"A welcome addition to the literature on Middle Eastern Christianity....Extremely well-written, with clear and engaging prose."—David D. Grafton, The Historian
"This book offers a passionately argued case for taking individual, private religious belief and practice seriously as a central aspect of the human experience and shaper of history."—Review of Middle East Studies
Description
Hndiyya al-‘Ujaimi, a young eighteenth-century nun whose faith was matched by her ambition and intellect, lies at the heart of this absorbing history of Middle Eastern Christianity. At the age of twenty-six, Hindiyya left her hometown of Aleppo to establish a convent in the mountains of Lebanon. Her order and her growing public profile as a visionary and living saint met with stiff opposition from Latin missionaries and with mistrust from the Vatican. Church authorities were suspicious of feminine spirituality and independent religious authority, eventually subjecting her to two Inquisitions by the Vatican. Sentenced to spend her entire life imprisoned, Hindiyya died in 1798 in her cell, leaving a legacy that shaped the church for many years to come.

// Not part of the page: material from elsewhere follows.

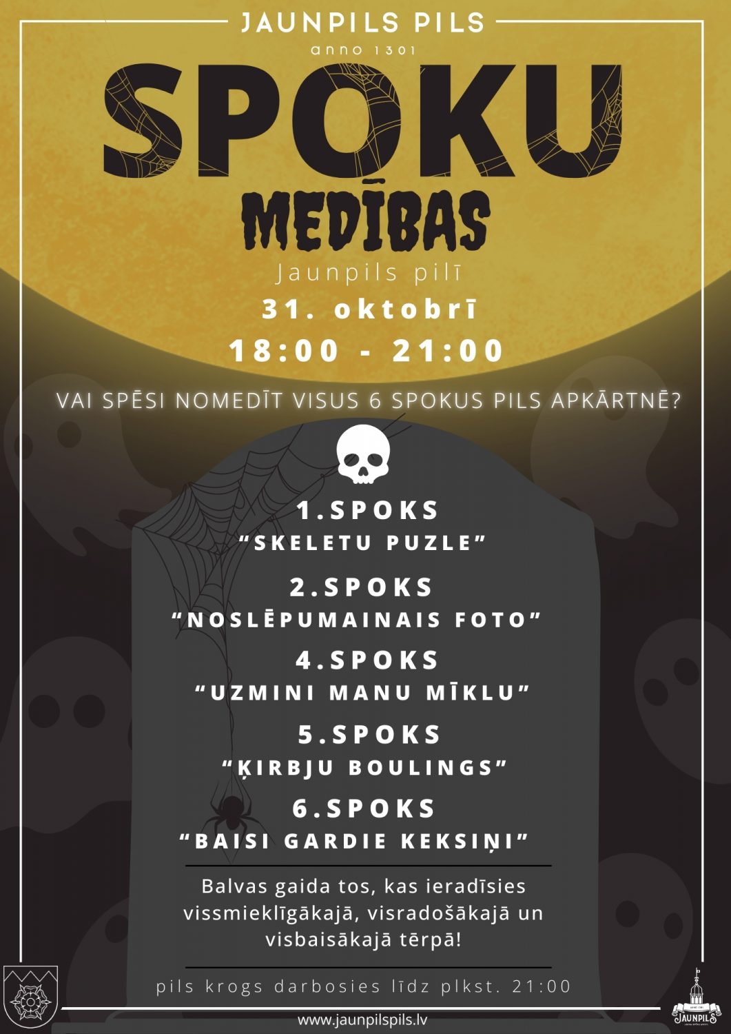 Jaunpils pilī vakars pārvērtīsies par noslēpumainu piedzīvojumu starp gariem un rēgiem. Apmeklētājus sagaidīs dažādi pārbaudījumi, rēgainas spēles un radošās darbnīcas. Pils kambaros valdīs spocīga gaisotne, kur sastapsies drosme, iztēle un tumsa. Tērpu parāde ļaus izcelt oriģinālākos tēlus, bet pils krogs piedāvās gardu maltīti pēc piedzīvojumiem. Šeit Helovīna gars atklāsies ar vēstures elpu un piedzīvojumu noskaņu.

Compelling in its cinematic scope—resplendent with the requisite villains and mysterious events infused with sinister and sexual tensions, tragedy, and pathos—Hindiyya’s story holds within its folds a larger tale about the construction of a new Christianity in the Levant. Khater skillfully reveals what her story tells us about religious minorities in the Middle East, early modern cultural encounters between the West and the Middle East, and the relationship between gender, modernity, and religion.
About the Author
Akram Fouad Khater is professor and director of Middle East studies and of the Khayrallah Program for Lebanese-American Studies at North Carolina State University. He is the author of Inventing Home: Emigration, Gender, and the Middle Class in Lebanon, 1870–1920 and Sources in the History of the Middle East.